🤖 AI Summary
This work addresses the critical bimanual coordination skill of “self-handover”—a seamless transfer of an object between a person’s own hands—whose structural understanding remains underexplored despite its importance in complex manipulation tasks such as cooking. To bridge this gap, we introduce the first systematic taxonomy of self-handover, manually annotated from over 12 hours of real-world cooking videos involving 21 participants. We propose a forward-looking dual-hand coordination model that challenges the conventional view of self-handover as merely passive transition, instead framing it as an active, anticipatory process. Integrating multimodal behavioral analysis with vision-language models (VLMs), our approach achieves high-accuracy recognition of self-handover action types. The resulting scalable taxonomy and automated recognition paradigm provide both theoretical foundations and practical tools for dexterous bimanual manipulation in robotics.
📝 Abstract
Self-handover, transferring an object between one's own hands, is a common but understudied bimanual action. While it facilitates seamless transitions in complex tasks, the strategies underlying its execution remain largely unexplored. Here, we introduce the first systematic taxonomy of self-handover, derived from manual annotation of over 12 hours of cooking activity performed by 21 participants.
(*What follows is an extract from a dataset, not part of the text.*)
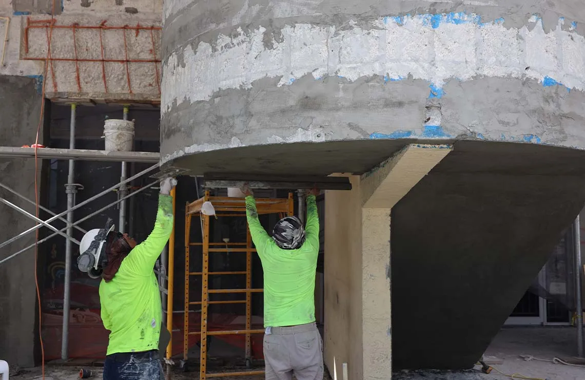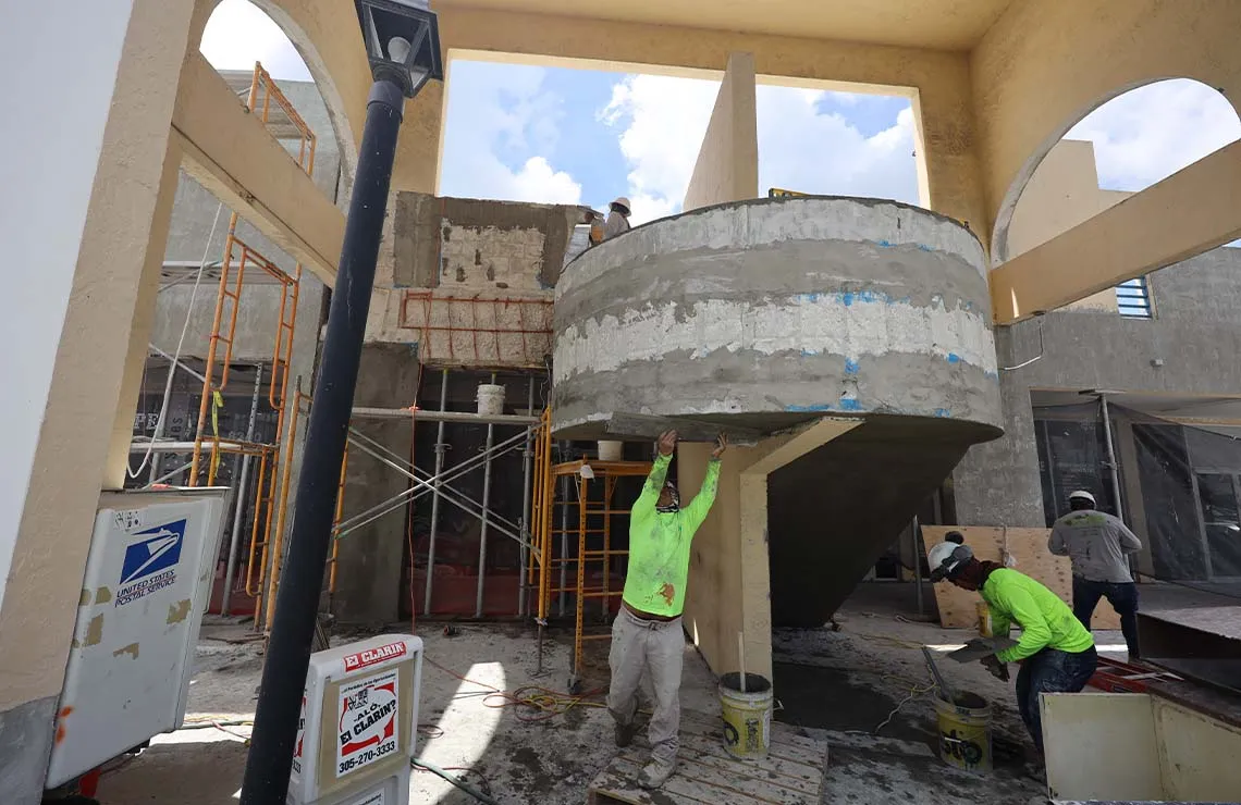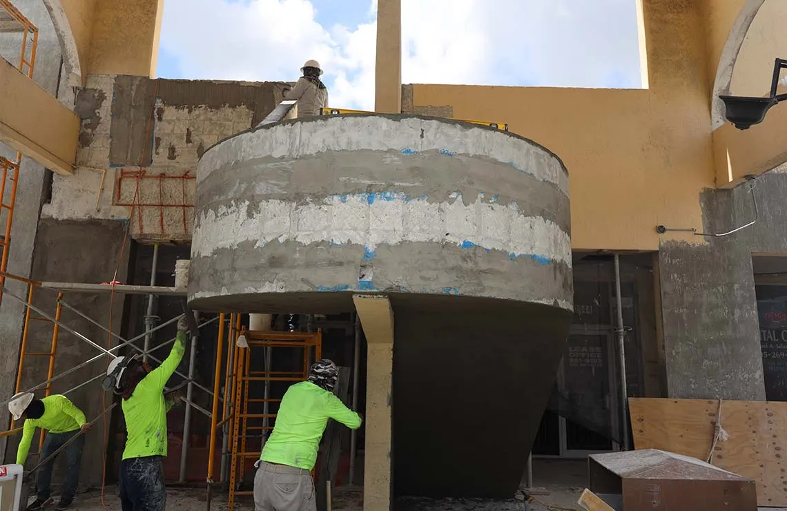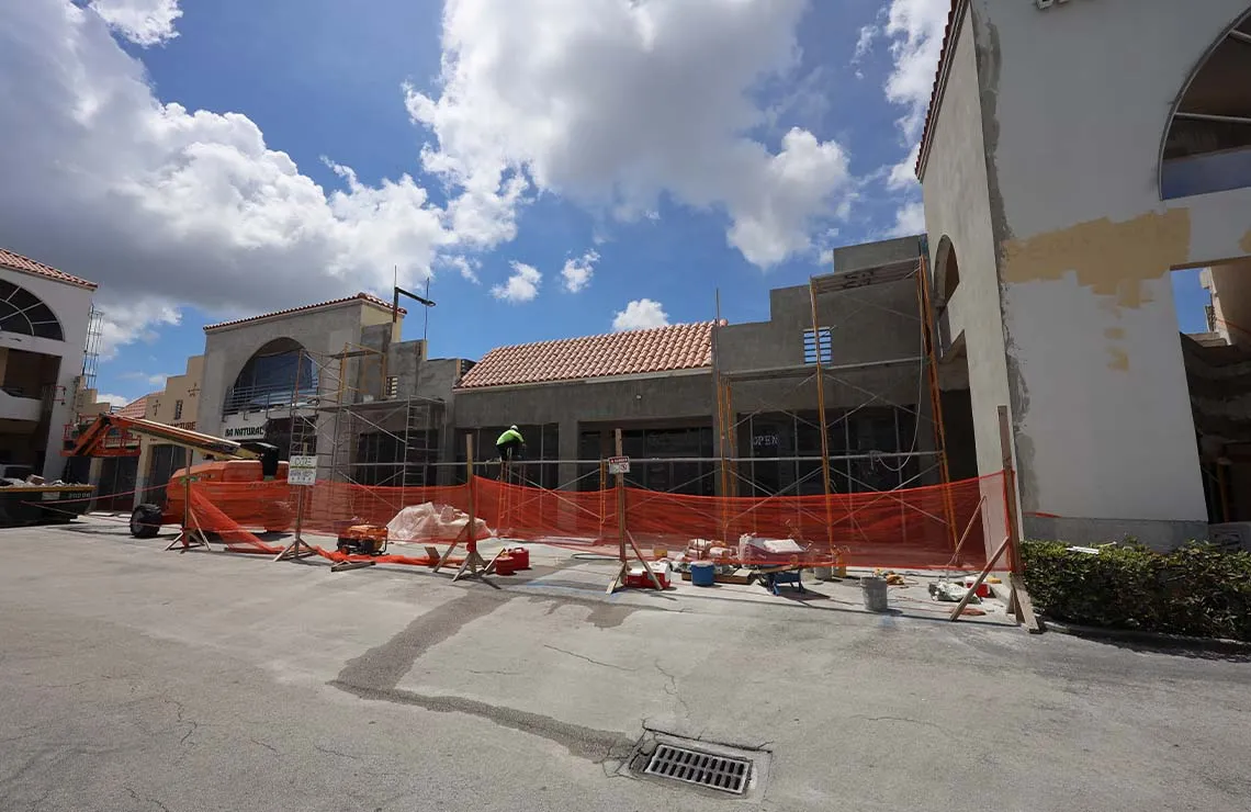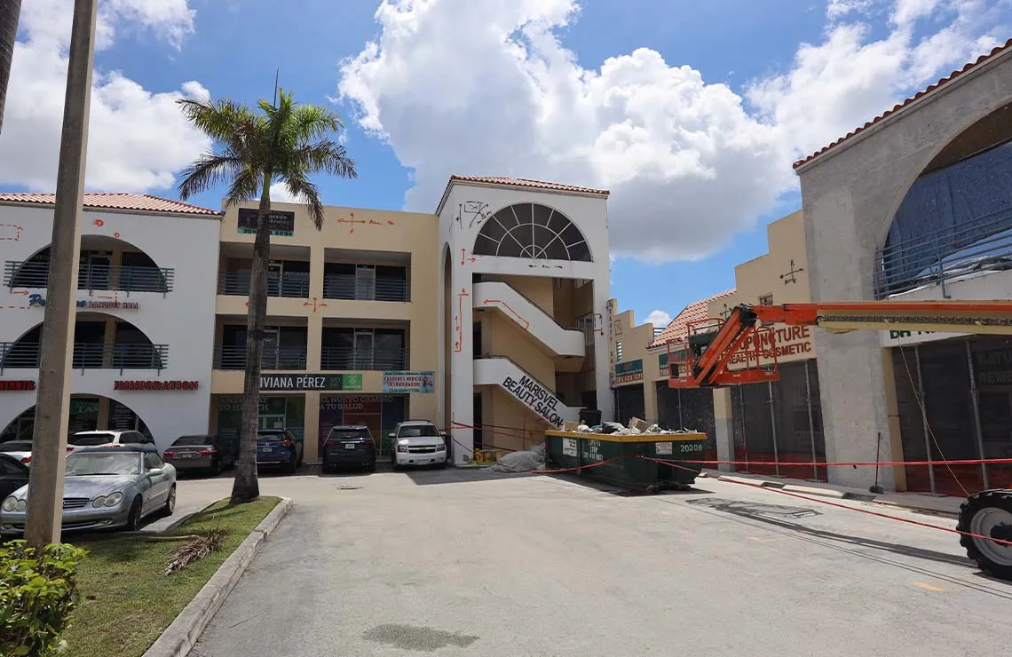 This job consists of the work part of the building’s 40 year recertification program. We’ve conducted waterproofing and installed epoxy of the flooring and completely restoring the concrete for the shopping plaza.

Our analysis reveals that self-handover is not merely a passive transition, but a highly coordinated action involving anticipatory adjustments by both hands. As a step toward automated analysis of human manipulation, we further demonstrate the feasibility of classifying self-handover types using a state-of-the-art vision-language model. These findings offer fresh insights into bimanual coordination, underscoring the role of self-handover in enabling smooth task transitions-an ability essential for adaptive dual-arm robotics.